## Exercise description
Write the data out in full and word for word. Do not include images.

## Collected data
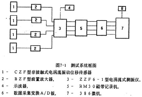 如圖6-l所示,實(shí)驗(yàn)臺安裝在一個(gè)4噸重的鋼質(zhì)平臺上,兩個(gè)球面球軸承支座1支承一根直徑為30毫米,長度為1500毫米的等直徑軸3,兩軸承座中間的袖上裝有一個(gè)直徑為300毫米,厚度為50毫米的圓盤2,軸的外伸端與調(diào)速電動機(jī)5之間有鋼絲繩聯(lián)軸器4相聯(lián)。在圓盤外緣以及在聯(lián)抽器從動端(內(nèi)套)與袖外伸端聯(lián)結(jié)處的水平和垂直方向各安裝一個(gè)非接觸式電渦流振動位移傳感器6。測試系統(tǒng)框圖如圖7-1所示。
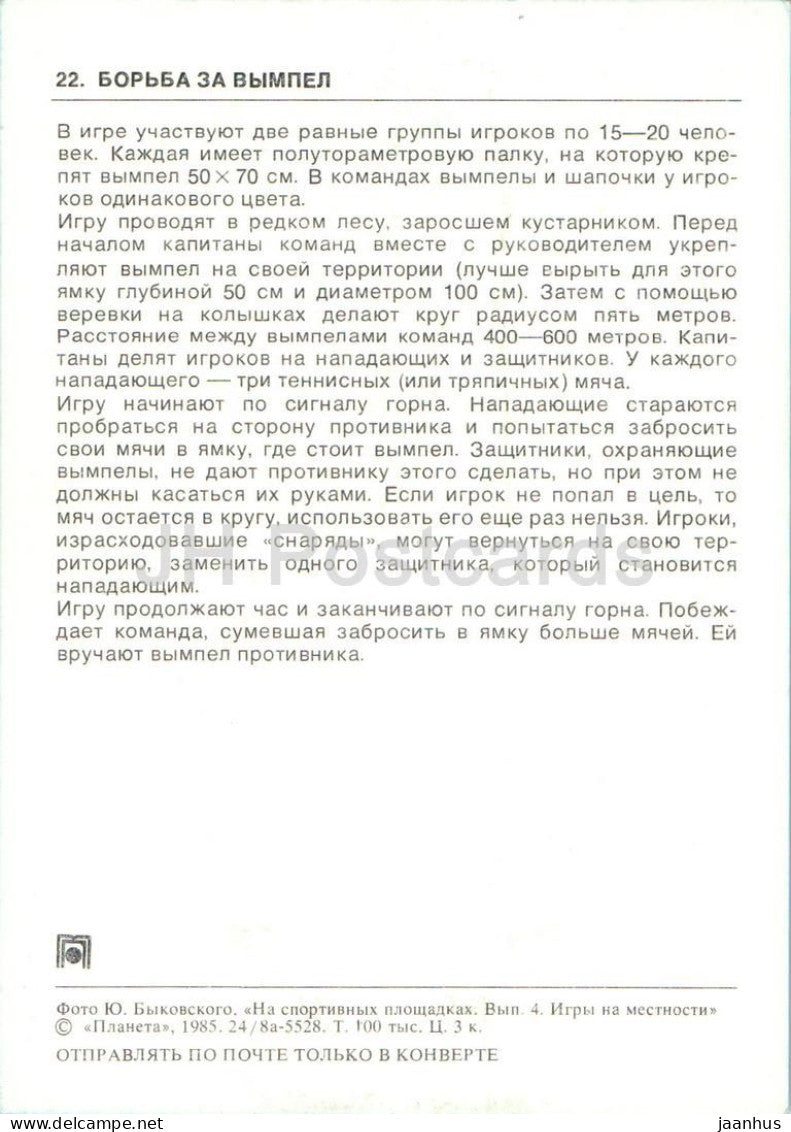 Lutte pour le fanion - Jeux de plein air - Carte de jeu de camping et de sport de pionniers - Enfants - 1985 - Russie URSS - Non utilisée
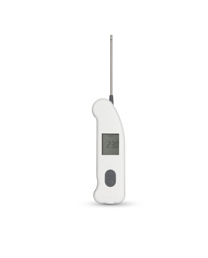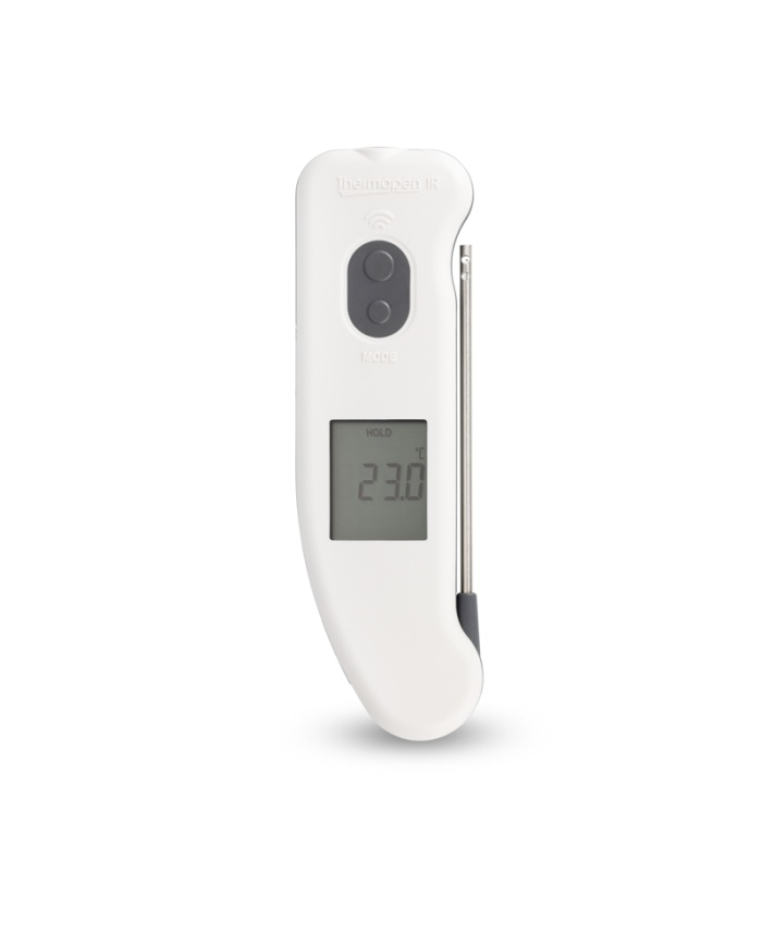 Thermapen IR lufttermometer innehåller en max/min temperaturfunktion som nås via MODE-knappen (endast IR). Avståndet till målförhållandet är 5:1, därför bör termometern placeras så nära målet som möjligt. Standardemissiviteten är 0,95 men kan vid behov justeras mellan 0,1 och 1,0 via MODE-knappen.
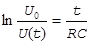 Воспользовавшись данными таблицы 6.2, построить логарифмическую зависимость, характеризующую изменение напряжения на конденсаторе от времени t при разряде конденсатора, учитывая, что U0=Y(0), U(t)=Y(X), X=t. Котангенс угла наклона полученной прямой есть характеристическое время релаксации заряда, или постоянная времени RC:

## Response to the task
 如圖6-l所示,實(shí)驗(yàn)臺安裝在一個(gè)4噸重的鋼質(zhì)平臺上,兩個(gè)球面球軸承支座1支承一根直徑為30毫米,長度為1500毫米的等直徑軸3,兩軸承座中間的袖上裝有一個(gè)直徑為300毫米,厚度為50毫米的圓盤2,軸的外伸端與調(diào)速電動機(jī)5之間有鋼絲繩聯(lián)軸器4相聯(lián)。在圓盤外緣以及在聯(lián)抽器從動端(內(nèi)套)與袖外伸端聯(lián)結(jié)處的水平和垂直方向各安裝一個(gè)非接觸式電渦流振動位移傳感器6。測試系統(tǒng)框圖如圖7-1所示。
 Lutte pour le fanion - Jeux de plein air - Carte de jeu de camping et de sport de pionniers - Enfants - 1985 - Russie URSS - Non utilisée
 Thermapen IR lufttermometer innehåller en max/min temperaturfunktion som nås via MODE-knappen (endast IR). Avståndet till målförhållandet är 5:1, därför bör termometern placeras så nära målet som möjligt. Standardemissiviteten är 0,95 men kan vid behov justeras mellan 0,1 och 1,0 via MODE-knappen.
 Воспользовавшись данными таблицы 6.2, построить логарифмическую зависимость, характеризующую изменение напряжения на конденсаторе от времени t при разряде конденсатора, учитывая, что U0=Y(0), U(t)=Y(X), X=t. Котангенс угла наклона полученной прямой есть характеристическое время релаксации заряда, или постоянная времени RC:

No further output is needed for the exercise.